My site keeps getting hit by scrapers that seem to be using Chrome DevTools Protocol directly instead of the usual Selenium or Puppeteer stuff. This makes them way harder to catch since they look almost exactly like real users.
What I already tried:
- Basic browser fingerprinting methods
- Looking for weird browser behaviors
The main problems:
- These CDP-controlled browsers are super sneaky and don’t show the typical automation signs
- They don’t have the usual red flags that most bot detection looks for
My question is: Does anyone know good ways to spot these more advanced scrapers? I need some detection methods that work specifically against direct CDP usage rather than the standard automation frameworks. Any tips on what to look for or techniques that actually work against this type of scraping would be really helpful.

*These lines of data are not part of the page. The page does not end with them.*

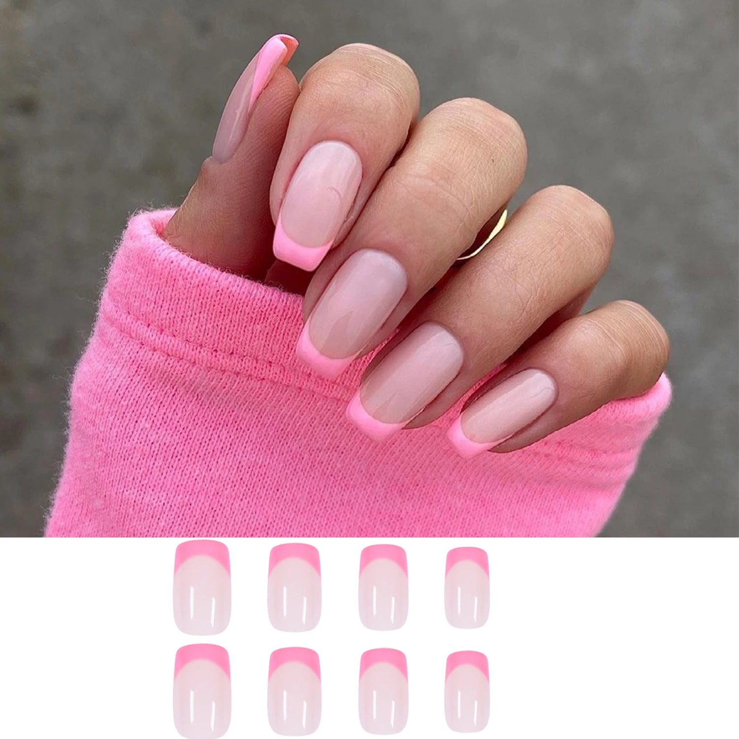 24 шт розовая линия французские накладные ногти короткая квадратная головка накладные ногти съемные полное покрытие ногти искусство советы нажмите на ногти с клеем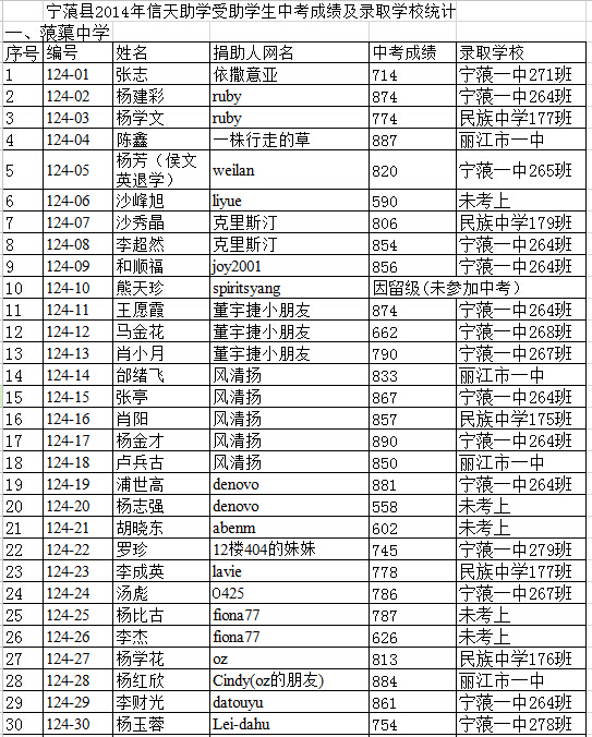 » 2014年受助初中生毕业中考录取学校情况(2014年8月27日更新)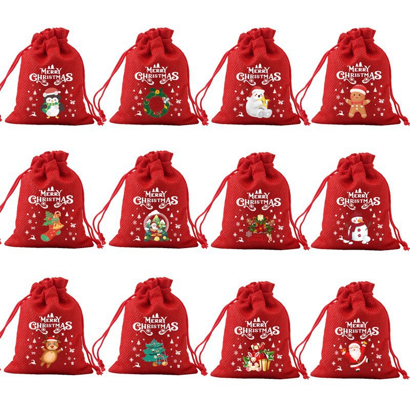 국경 크리스마스 스파크 백 아마존 번들 입 컬러 만화 크리스마스 세트 24 사탕 선물 포장 가방스토어 가기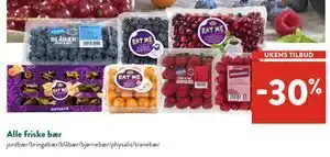 Dette tilbudet kan finnes i forskjellige butikker. Ta en titt på alle produkter for å få det billigste Alle friske bær. Hvis du vil finne ut om dette produktet har en større rabatt i en annen butikk, sjekk kategorien 'Matvarebutikk'. Du vil sikkert se disse tilbudene også: Alle friske bær, Alle friske bær & ALLE FRISKE BÆR.

I’m running out of ideas here and could use some guidance from anyone who has dealt with similar issues.
Request patterns are the biggest giveaway. CDP scrapers make requests that real browsers never would - missing referer headers, skipping assets that Chrome loads automatically, weird CORS behavior without proper preflight requests. They also keep the same user-agent across sessions when real users don’t. Memory usage is another dead giveaway. CDP adds overhead that shows up in performance metrics. I track JavaScript heap sizes and garbage collection through performance observer APIs - the automation creates totally different allocation patterns compared to real browsing. Canvas fingerprinting works too if you use complex graphics operations. CDP browsers handle certain rendering tasks slightly different from standard Chrome installs.
if u inspect the CDP, u might notice they leave behind traces like window.cdc_ vars. check if navigator.webdriver is undefined too, that’s a red flag. network requests can be off too, real users have patterns, but CDP skips or messes loads. using setInterval for debugger can help since they handle breakpoints oddly.
Had the same problem last year. Timing analysis worked way better than I expected. CDP-controlled browsers have weird timing patterns that don’t match real users - especially with JavaScript execution and DOM stuff. Watch the gaps between mouse movements and clicks. Bots either have perfect timing (too perfect) or strange micro-delays that humans never make. Also check viewport behavior - CDP automation leaves fingerprints in how browsers handle viewport changes and scrolling. WebGL rendering is another good spot to look since automated browsers render graphics differently than normal sessions. You’re looking for stuff that’s technically possible but way too unlikely for real users.